Teknik direktörlüğe adım attığım ilk günden itibaren hayalleri, hedefleri olan birisiyim. Bugün hayallerime kavuştuğum noktadayım. Ama benim bu işe başlarken hayal ettiğimin 3 sene gerisinden geliyorum. Süper Lig hayalime 3 sene önce kavuşmalıydım. Bodrumspor benim ustalığa geçiş dönemim oldu diyebiliriz. O yüzden Bodrum’un bende yeri çok başka.

‘En büyük destekçim eşim’

■ Aileniz sizle beraber mi Bodrum’da mı?  

Evet eşimle beraberiz burada. Ondan büyük destek alıyorum. Bir oğlum, bir de kızım var. Oğlum Bahçeşehir Üniversitesi’nde Siyaset Bilimleri ve Uluslararası İlişkiler okuyor. Aynı zamanda Bodrumspor’da bizimle beraber. Takımımızın analisti olarak görev yapıyor.

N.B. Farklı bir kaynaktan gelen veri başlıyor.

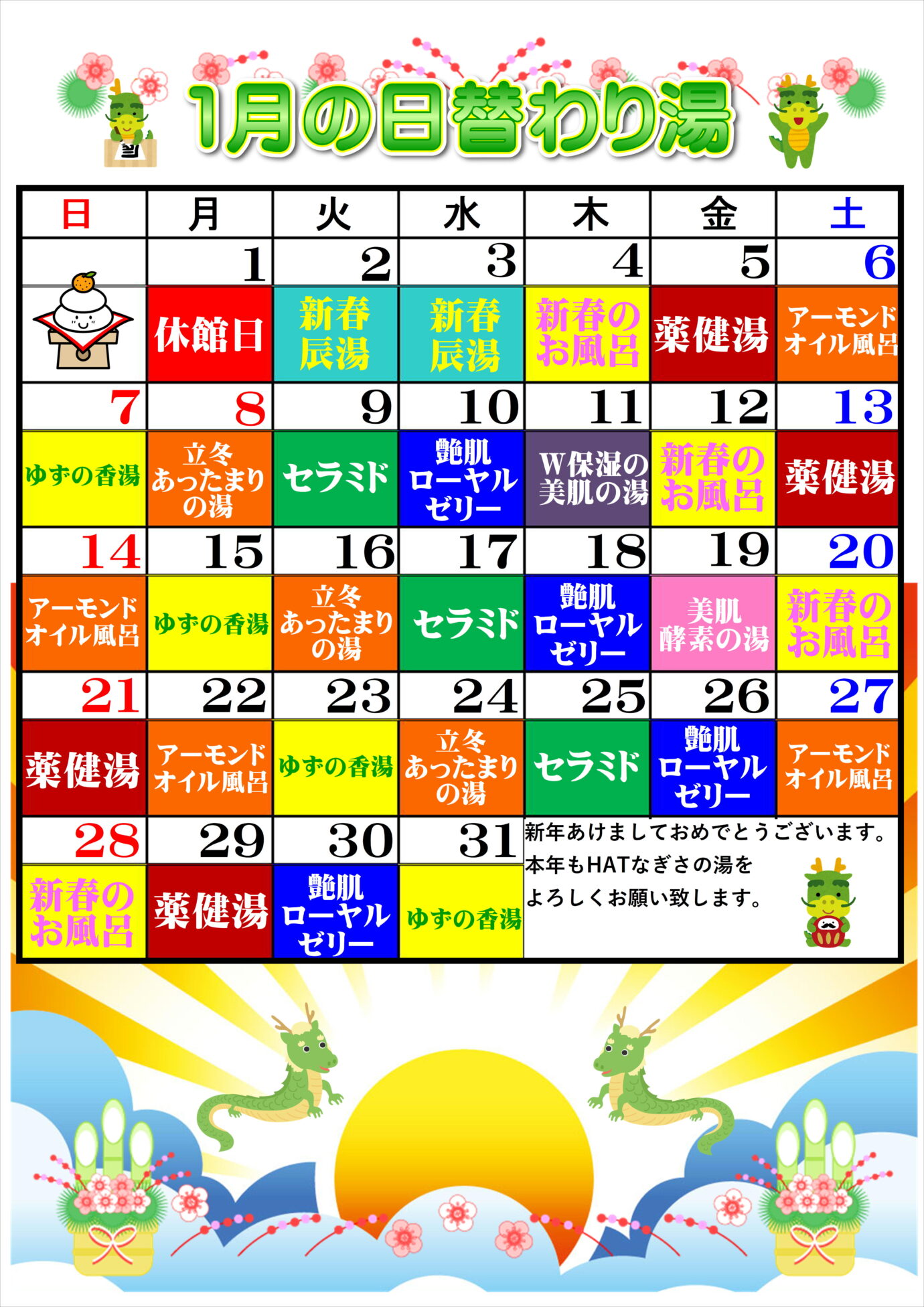 2024年1月あかすり定休日のおしらせ

Kızım evli. Bir torunum var. Damadım da Bornova FK’da oynadı bu sezon. Stoper Mehmet Taşçı. Ben hayatımda ilk defa hoca olarak çalıştığım bir yerde eşimle beraber yaşıyorum. Hep söylerim Türk futbolunda maalesef hocaların bavulu hep hazırdır. İki maç kötü gittiği zaman hemen haydi hocam güle güle. O yüzden gittiğimiz kentlerde genelde eşimi yanıma almıyordum. Ülkemizde maalesef futbolda birşeyler kötü gittiği zaman ilk fatura hocalara kesiliyor. Ama dediğim gibi Bodrumspor’la aramızda ciddi anlamda bir gönül bağı var.